I might come over and watch a movie but I can't spend the night. my parents would wonder where i was
you're 26.
I hope you get used to having plenty of sperm because you're never gonna get any.
I like waking up with a slight hangover cause I'm dehydrated and it makes me feel thinner.
The class that normally occupies the room we use for my Monday class had to do posters as if for a Hamlet movie and they pick actors for each character and this person wrote "Robert D. Niro"
Thanks for stopping me from doing a one man keg stand by myself clad in only a towel. that probably wouldve ended badly.

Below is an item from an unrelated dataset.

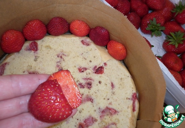 Собираем торт: в разъемную форму (я, для надёжности выстелила форму пергаментом) выкладываем корж (по желанию, срезать верхушку, если корж при выпекании поднялся неравномерно, как получилось у меня), затем, по бокам выкладываем разрезанную пополам клубнику, предварительно срезав плодоножку, разрезом наружу (по возможности, подобрать ягоды более-менее одинакового размера).

Two people in the coffee shop I'm at are on a date and talking about how acid has affected them and the girl just mentioned meth. Fuck studying, this just got interesting.
If you're still on campus there's a jack and coke in the bathroom of fondren science Bldg. Too strong to bring to class.
I'm thinking he has to buy me dinner at least twice before i even start considering casting him for "Fuck buddy - understudy."
it wasnt even considered partying. it was like "ok, who can get the most shitfaced and not pass out"
Withdrawals are gods way of saying "you're still my bitch"
This is the second girl that said she wanted to fuck me while wearing a clown nose. Fuck online dating
new dating motto: let your guard down, not your panties
YOURE A FUCKING ADULT. DONT TELL ME ITS PAST YOUR BEDTIME WHEN I WANT TO GET ANOTHER COCKTAIL.
Woke up in a car, do you own a silver car parked a few miles form the house...hope so
We ended the night eating peanutbutter with our hands and smoking cigarettes in the house at 4am. Fucking Everclear, man.